The American Journal of Human Biology is a bimonthly, peer-reviewed, internationally circulated journal that publishes reports of original research, theoretical articles and timely reviews, and brief communications in the interdisciplinary field of human biology. As the official journal of the Human Biology Association, the Journal also publishes abstracts of research presented at its annual scientific meeting and book reviews relevant to the field.

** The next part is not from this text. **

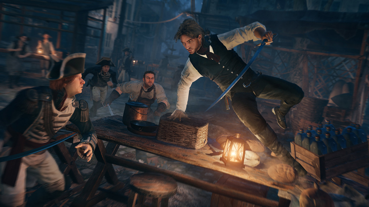 Svakako implementacija co-op igranja. Naime, iz igre je u potpunosti je uklonjena kompetitivna multiplayer komponenta (realno, ni AC: Rogue ju nije imao, a vjerujem da nikome nije ni nedostajala), a umjesto nje premijerno smo dobili priliku zaigrati igru u društvu jednog, dva ili tri prijatelja. Da, Assassin’s Creed: Unity stiže s co-op podrškom za do četiri igrača. Odmah da se razumijemo – ako očekujete full story iskustvo, identično onome iz story moda, mogli biste se razočarati. Kooperativna komponenta u ovoj igri sastoji se od pozivanja prijatelja na zajedničko igranje (to je moguće učiniti i u nekoj od brojnih krčmi razbacanih diljem Pariza) dva tipa misija – story i heist. Story misije su slične onima iz prave story kampanje, no malo ih je i dosta su osakaćene u odnosu na originalne. Heist misije donose nešto zanimljiviju gameplay mehaniku, koja uključuje šuljanje i taktiziranje prilikom obavljanja zadatih misija. Kada je u pitanju samo izvođenje ovog moda, primjetio sam da se igra ponekad crashira, no ništa strašno u usporedbi s brojnim drugim problemima, koje je ova igra imala na startu.

The Journal seeks scholarly manuscripts that address all aspects of human biology, health, and disease, particularly those that stress comparative, developmental, ecological, or evolutionary perspectives. The transdisciplinary areas covered in the Journal include, but are not limited to, epidemiology, genetic variation, population biology and demography, physiology, anatomy, nutrition, growth and aging, physical performance, physical activity and fitness, ecology, and evolution, along with their interactions. The Journal publishes basic, applied, and methodologically oriented research from all areas, including measurement, analytical techniques and strategies, and computer applications in human biology.
Like many other biologically oriented disciplines, the field of human biology has undergone considerable growth and diversification in recent years, and the expansion of the aims and scope of the Journal is a reflection of this growth and membership diversification.
The Journal is committed to prompt review, and priority publication is given to manuscripts with novel or timely findings, and to manuscripts of unusual interest.